Thirty-four of the Jewish arrivals in 1733 were Sephardim, most of them having fled from Portugal to England before departing for the New World. The Ashkenazic Jews felt mistreated by the more numerous Sephardic Jews. Indeed, in 1734 an Anglican clergyman in Savannah noted that, "Some Jews in Savannah complained . . . that the Spanish and Portuguese Jews persecute the German Jews in a way no Christian would persecute another Christian." The internal feuding ended in 1741, during the War of Jenkins' Ear, when the Sephardim, fearing Spanish invasion, fled to Charleston, South Carolina, and New York, leaving only the Sheftall and the Minis families, both Ashkenazim, in Georgia.

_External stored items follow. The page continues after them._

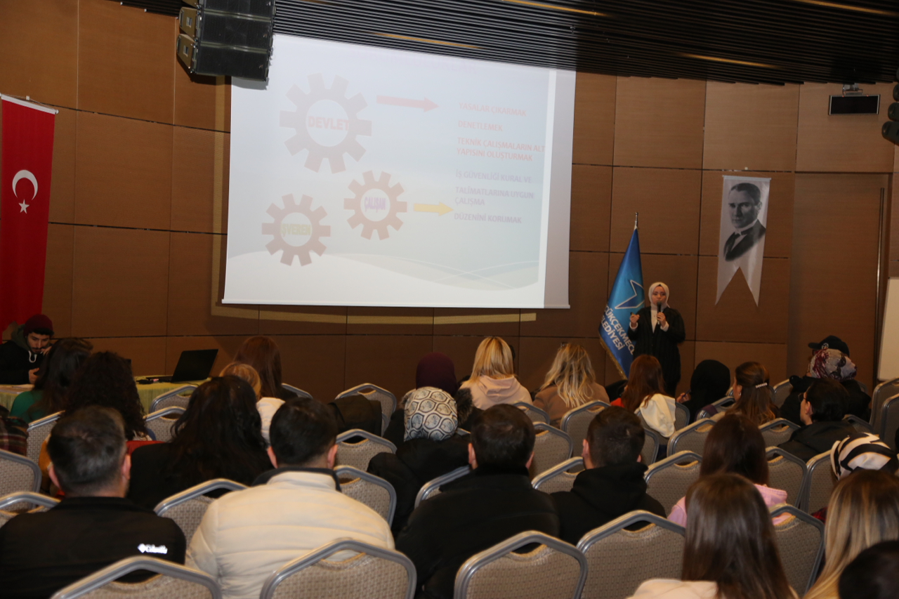 Eğitimin temel amacının personelin bilgilendirilmesi sonucunda iş kazalarının azaltılması ve ortadan kaldırılması olduğunu ifade eden İş Sağlığı ve Güvenliği Uzmanı Burcu Bayraktar, ‘’İş sağlığı ve güvenliğinin sağlanması ve meydana gelebilecek iş kazalarına karşı önlem alınması konusunda işveren ve çalışanlara da bazı sorumluluklar düşüyor. Devlet yasalar çıkaracak, denetleyecek ve gerekli alt yapıyı oluşturacak, işveren devletin çıkardığı yasalara uyacak ve güvenlik konularında gereken önlemleri alacak. Çalışanlar ise iş güvenliği kural ve talimatlarına uygun bir şekilde çalışacak.’’ diye konuştu.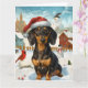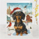 Ce design festif reflète l'esprit joyeux de la période des fêtes, avec un adorable petit portant un chapeau de Père Noël. Le chien est niché dans un pays des merveilles hivernales, avec un bonhomme de neige, un sapin de Noël décoré et des cadeaux joliment emballés. Les flocons de neige tombent doucement, ajoutant une touche magique à la scène, tandis que les couleurs vives des décorations de vacances créent une atmosphère chaleureuse et joyeuse.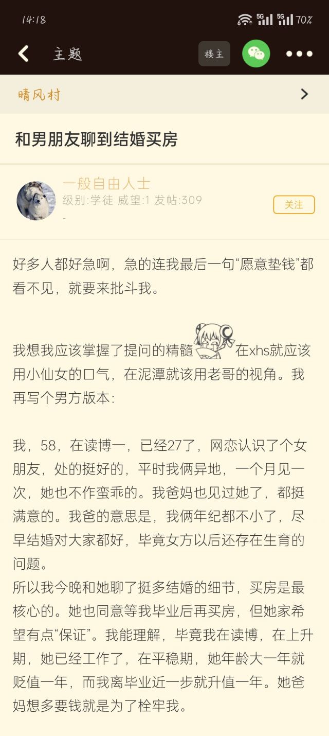 本身要彩礼这件事我就觉得很心虚,要完钱再要东西,这让我的良心非常痛苦。拿人手短吃人嘴软,收了钱我就要对他伏低做小、感恩戴德,tnnd,凭什么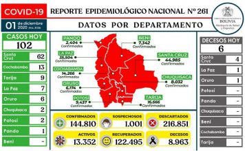 Bolivia registra 171 nuevos casos de COVID-19 y la cifra total...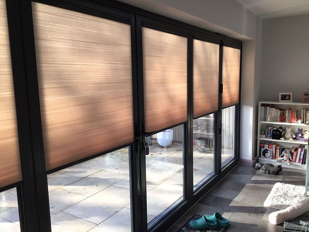 - Honeycomb, (a double fabric) offers superb energy efficiency whilst giving a smooth and stylish finish. There are no tension cords on view as they are between the two fabrics.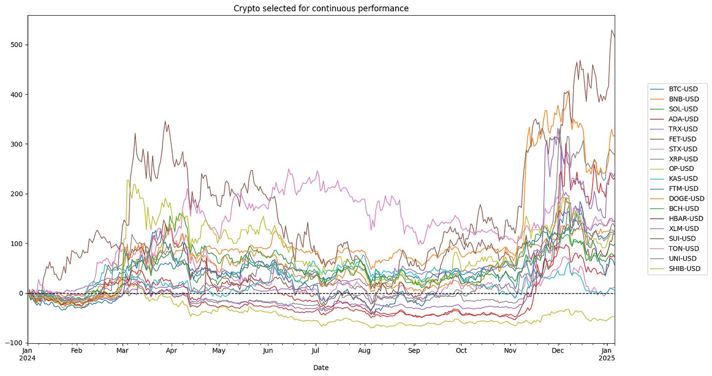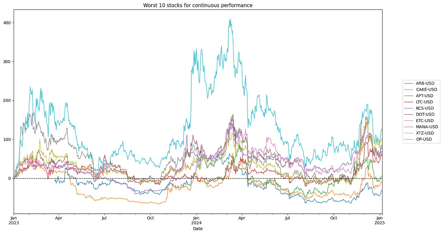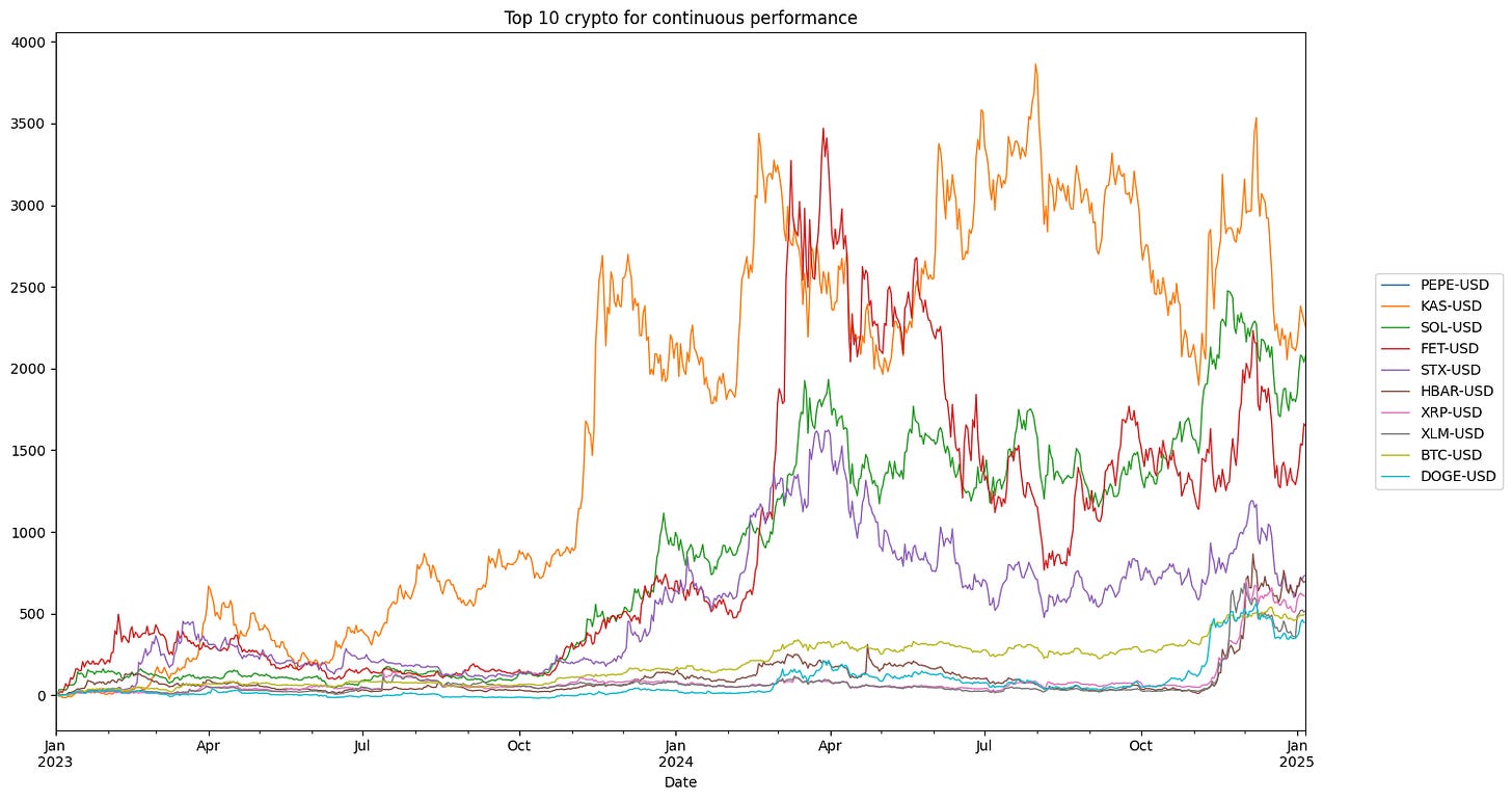 top_10_rendimenti_continui.plot(ax=ax, title='Top 10 crypto for continuous performance', linewidth=1)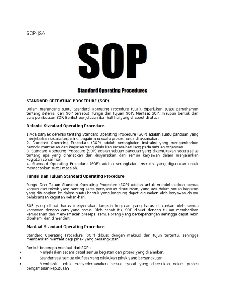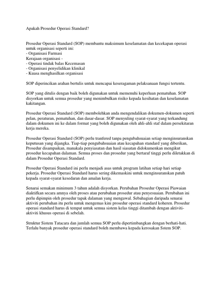 Related : Maksud Standard Operating Procedure - Sops are often created to provide specific steps when activities include known hazards that could inflict loss of property or injury..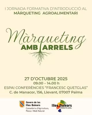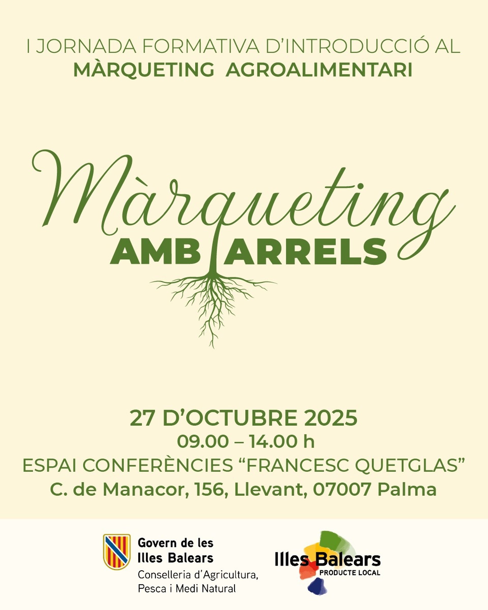 La Conselleria de Agricultura, Pesca y Medio Natural ha organizado una jornada formativa de introducción al marketing agroalimentario, bajo el título 'Marketing con raíces', que tendrá lugar el 27 de octubre, de 09.00 a 14.00 horas, en el espacio Francesc Quetglas.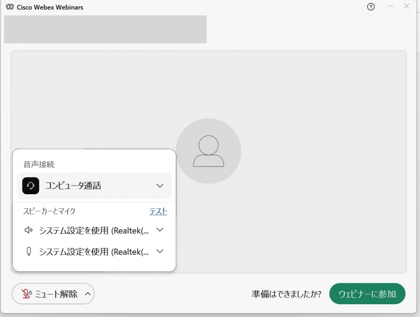 Cisco Webexアプリが立ち上がりますので、音声が出るか画面指示に従いテストしてください。※マイクは使用不可となっておりますので、マイクのミュートは解除できません。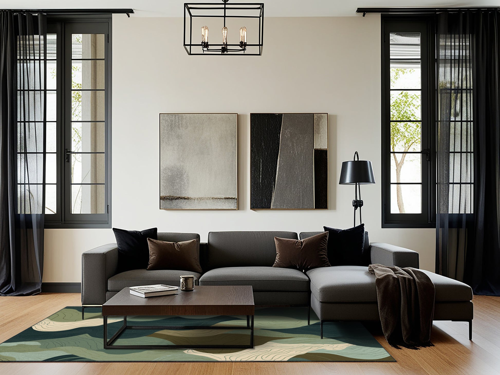 Twilight Fractals from the Mystical Horizons collection captures the serene beauty of nature's fluidity with its captivating Gunmetal Gray color (A cool, dark gray with a metallic feel, sleek and modern.), a calming tone in the Gray color family. Inspired by sweeping vistas and flowing patterns, this rug features abstract, organic designs that mimic the movement of wind, water, and rolling landscapes. Finished with Black serging a durable edge that enhances its refined aesthetic this rug is crafted from premium polyester and machine-made in the USA with imported materials. Perfect for creating a tranquil atmosphere in modern living rooms, serene bedrooms, or stylish home offices, this design blends natural inspiration with sophisticated artistry. Available in multiple sizes, the Mystical Horizons collection transforms any space into a serene retreat, offering a harmonious balance of style and tranquility.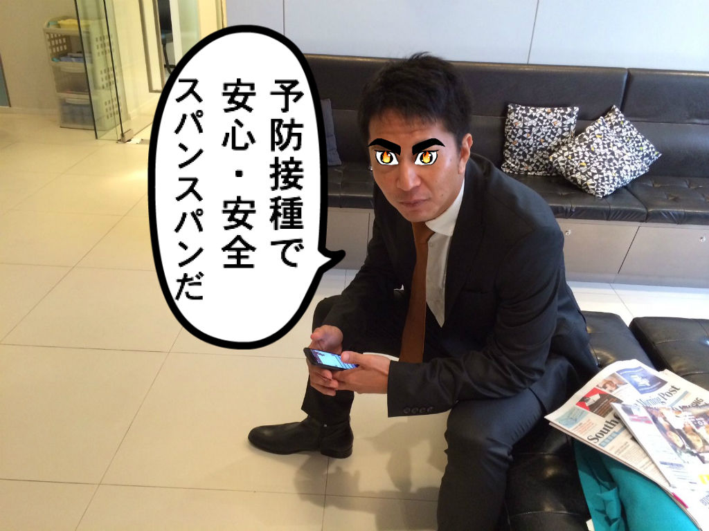 待つこと10分、、注射はすぐ終了した。。。料金は350HKドル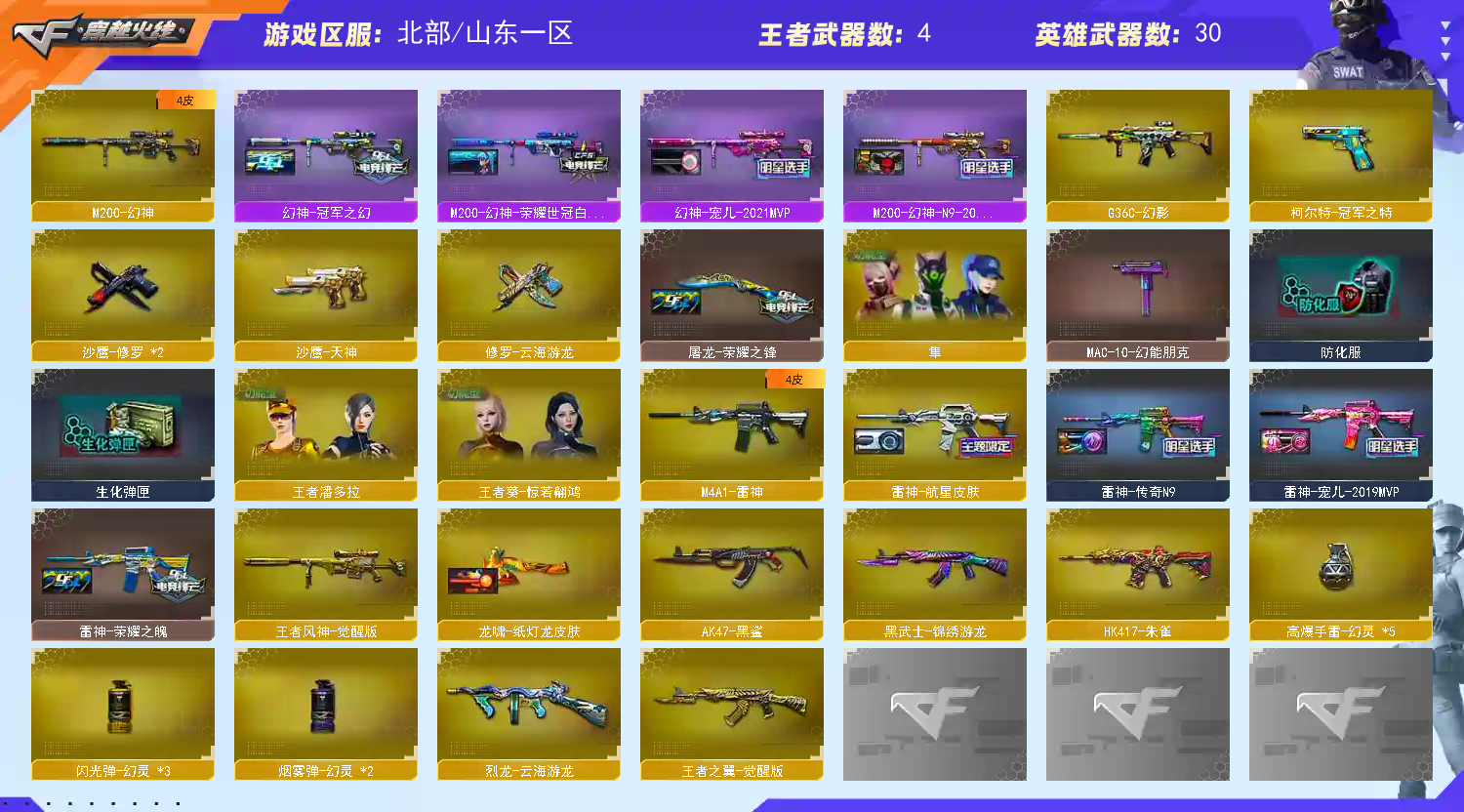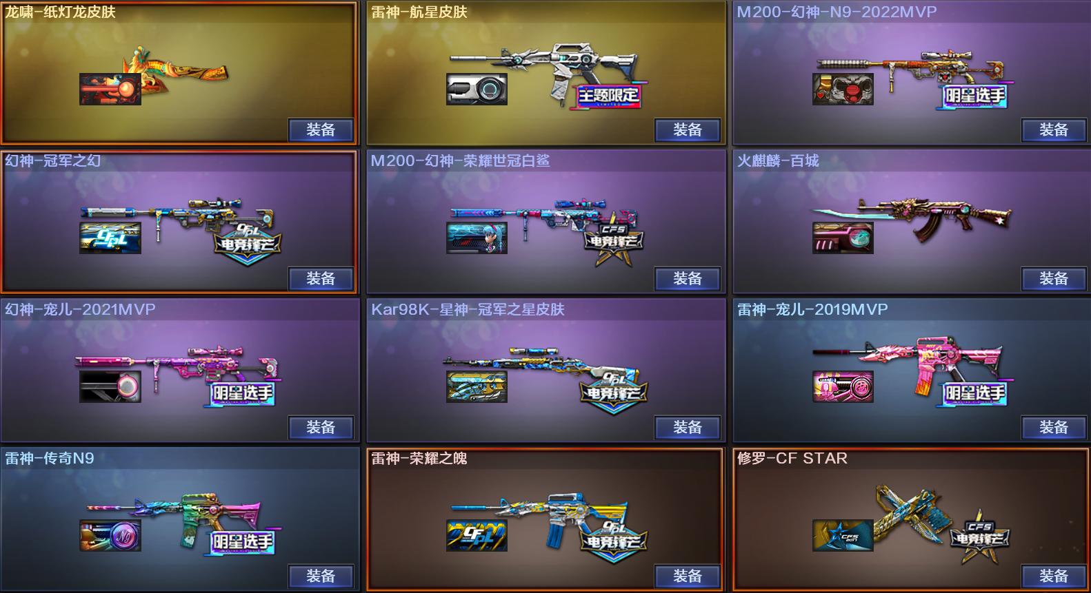 【武器皮肤】M200-幻神-荣耀世冠白鲨/M200-幻神-N9-2022MVP/幻神-宠儿-2021MVP/幻神-冠军之幻/雷神-航星皮肤/火麒麟-冠军之心/毁灭-黑大圣皮肤/Kar98K-星神-冠军之星皮肤/雷神-宠儿-2019MVP/雷神-传奇N9/雷神-荣耀之魄/火麒麟-百城/修罗-CFSTAR/屠龙-荣耀之锋/龙啸-纸灯龙皮肤

Several members of the Sheftall family became prosperous entrepreneurs in the years preceding the American Revolution (1775-83) and took leading parts in the war itself. Benjamin Sheftall was one of the founders of the Union Society, the oldest charitable society in the state. His sons Mordecai, a large landowner as well as a merchant, and Levi, a flourishing tannery owner, joined their father in the influential Savannah Parochial Committee. This group, consisting mostly of merchants and artisans, sympathized with the patriot cause and took upon itself many of the functions of local government. Mordecai Sheftall was elected chair of the group for a term. Some of Savannah's Jews lent considerable sums of money to the war effort, and some were appointed to military positions. Mordecai Sheftall became the highest-ranking Jewish officer on the American side,
Historian Wayne Mixon notes that "Georgia's Jews benefited from the increased religious liberty after the Revolution. Yet if the Jewish community grew, it was still largely confined to Savannah, which from 1786 to the middle of the next century had the state's only synagogue." Thus Jewish Savannahians continued through the decades to make an impact on Georgia and American life. For instance, Herman Myers was mayor of Savannah in the 1890s, and Savannah-born Rabbi Morris Samuel Lazaron served as a chaplain in the U.S. Army during World War I (1917-18); in 1921 he also represented American Jewry as one of four officiating chaplains attending the burial of the Unknown Soldier at Arlington National Cemetery in Washington, D.C.
Jews in Other Parts of Georgia
Savannah's Jews may have had the first impact on Georgia history, but some Jews settled in other parts of the state and left their mark as well. There is some evidence, for example, that an early governor of the state, David Emanuel, was of Jewish heritage, if not an openly practicing Jew. Emanuel, born in 1742 or 1744 in Pennsylvania, immigrated to Georgia around 1756, settling in Burke County. After serving as justice of the peace before the Revolution, he joined the American cause. He was voted into the assembly in 1783 and then into the constitutional conventions of 1789 and 1795. After a term as president of the state senate in 1797, he was appointed governor in 1801. It seems that he was a Jew in his early years at least, although he eventually became a Presbyterian.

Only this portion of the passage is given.